- _LISTED RECORDS_
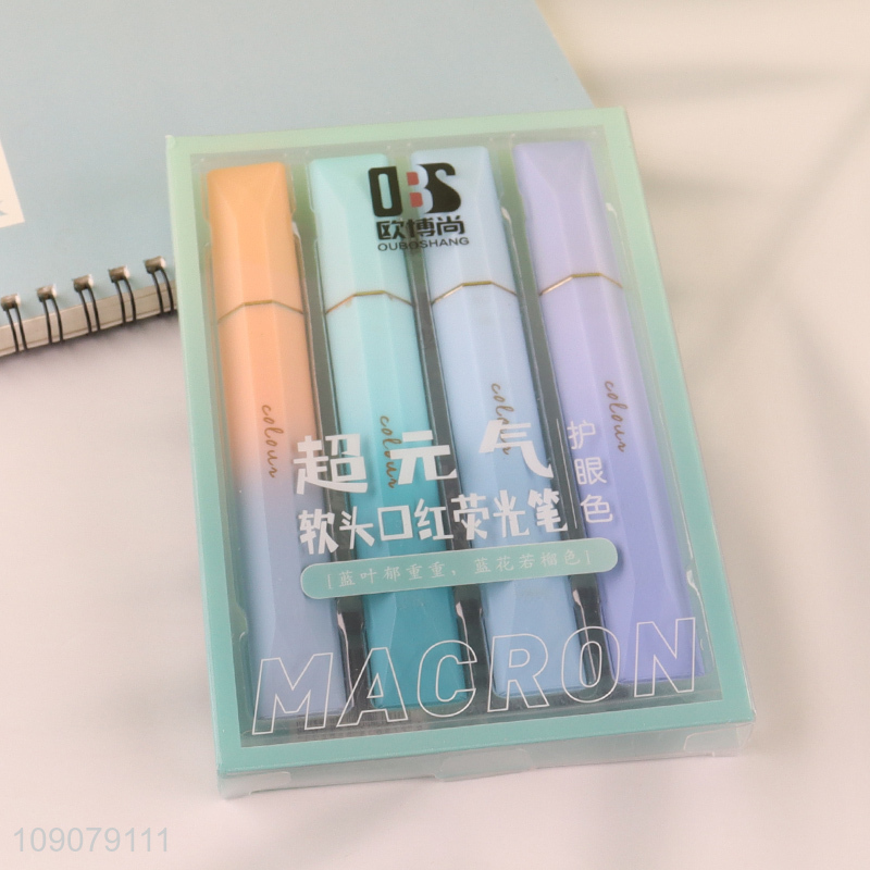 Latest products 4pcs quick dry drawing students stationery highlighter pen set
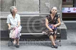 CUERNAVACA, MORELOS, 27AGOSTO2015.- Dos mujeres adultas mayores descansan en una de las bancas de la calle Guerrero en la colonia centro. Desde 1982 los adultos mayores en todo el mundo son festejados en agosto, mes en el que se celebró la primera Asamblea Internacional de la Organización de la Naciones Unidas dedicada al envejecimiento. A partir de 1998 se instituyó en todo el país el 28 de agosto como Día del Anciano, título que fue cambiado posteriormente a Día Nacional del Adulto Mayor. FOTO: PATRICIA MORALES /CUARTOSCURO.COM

* * *

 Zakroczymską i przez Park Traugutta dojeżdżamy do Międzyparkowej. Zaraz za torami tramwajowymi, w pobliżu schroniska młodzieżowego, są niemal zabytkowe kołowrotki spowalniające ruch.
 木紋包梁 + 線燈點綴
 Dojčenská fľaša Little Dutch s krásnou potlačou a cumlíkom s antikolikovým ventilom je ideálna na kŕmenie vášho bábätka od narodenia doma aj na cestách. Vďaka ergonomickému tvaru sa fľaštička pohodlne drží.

==

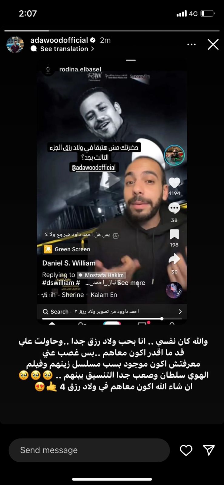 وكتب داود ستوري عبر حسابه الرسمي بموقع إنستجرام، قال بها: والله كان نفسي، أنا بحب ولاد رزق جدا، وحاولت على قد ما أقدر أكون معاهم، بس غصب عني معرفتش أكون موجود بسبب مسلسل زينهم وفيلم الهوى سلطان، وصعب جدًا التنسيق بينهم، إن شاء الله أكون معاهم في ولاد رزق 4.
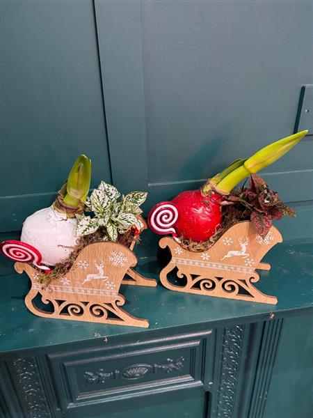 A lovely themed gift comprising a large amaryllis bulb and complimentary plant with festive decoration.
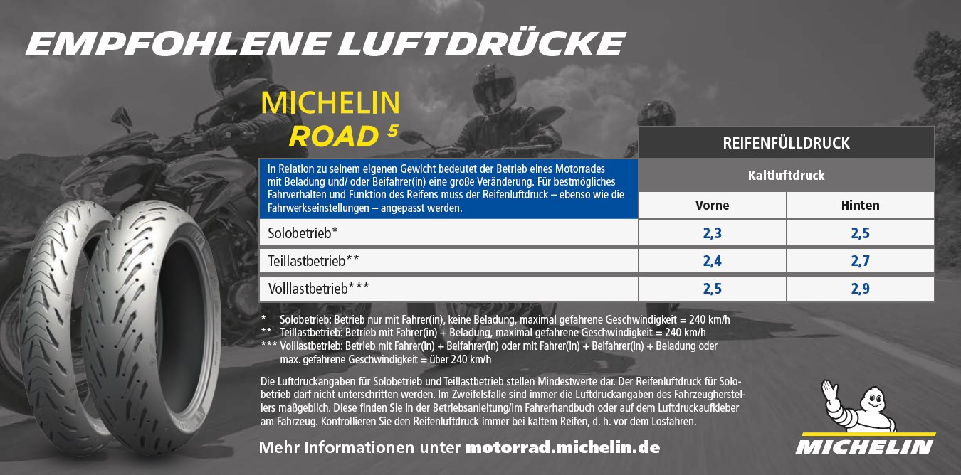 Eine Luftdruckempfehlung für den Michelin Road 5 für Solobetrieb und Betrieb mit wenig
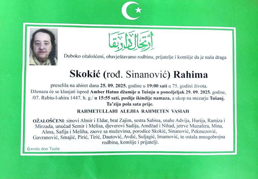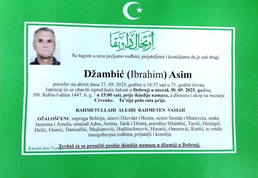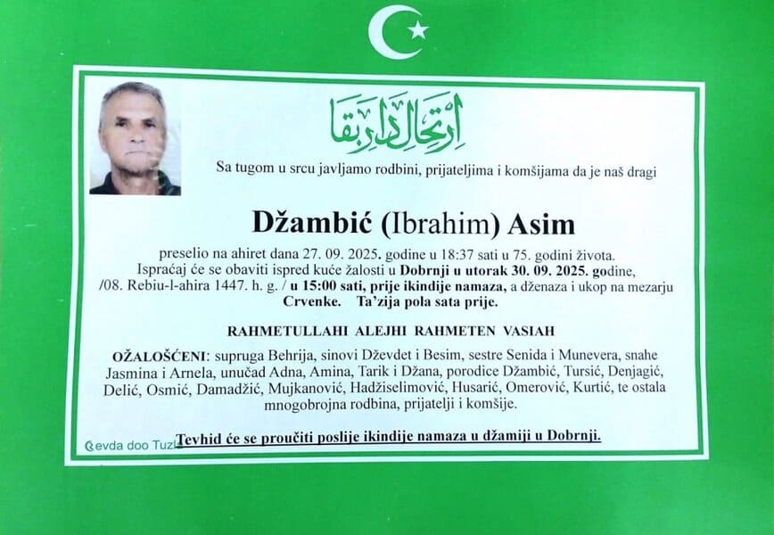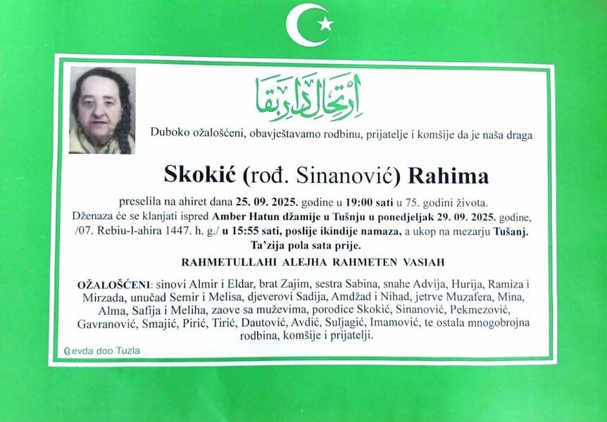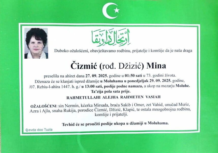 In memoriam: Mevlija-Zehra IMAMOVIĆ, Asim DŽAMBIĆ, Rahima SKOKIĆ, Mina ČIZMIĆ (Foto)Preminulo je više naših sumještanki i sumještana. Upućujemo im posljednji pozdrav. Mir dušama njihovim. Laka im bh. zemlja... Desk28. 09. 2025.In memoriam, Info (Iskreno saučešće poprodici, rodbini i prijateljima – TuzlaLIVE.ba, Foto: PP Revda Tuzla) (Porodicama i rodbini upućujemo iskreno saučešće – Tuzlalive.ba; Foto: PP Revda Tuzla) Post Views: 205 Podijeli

- _TASK PROMPT_
Your answer must be the exact lines from the records above, from the one containing "Latest products 4pcs" through the one containing "CUERNAVACA, MORELOS, 27AGOSTO2015.- Dos", both included, with every picture left out.

- _EXERCISE OUTPUT_
 Latest products 4pcs quick dry drawing students stationery highlighter pen set
 CUERNAVACA, MORELOS, 27AGOSTO2015.- Dos mujeres adultas mayores descansan en una de las bancas de la calle Guerrero en la colonia centro. Desde 1982 los adultos mayores en todo el mundo son festejados en agosto, mes en el que se celebró la primera Asamblea Internacional de la Organización de la Naciones Unidas dedicada al envejecimiento. A partir de 1998 se instituyó en todo el país el 28 de agosto como Día del Anciano, título que fue cambiado posteriormente a Día Nacional del Adulto Mayor. FOTO: PATRICIA MORALES /CUARTOSCURO.COM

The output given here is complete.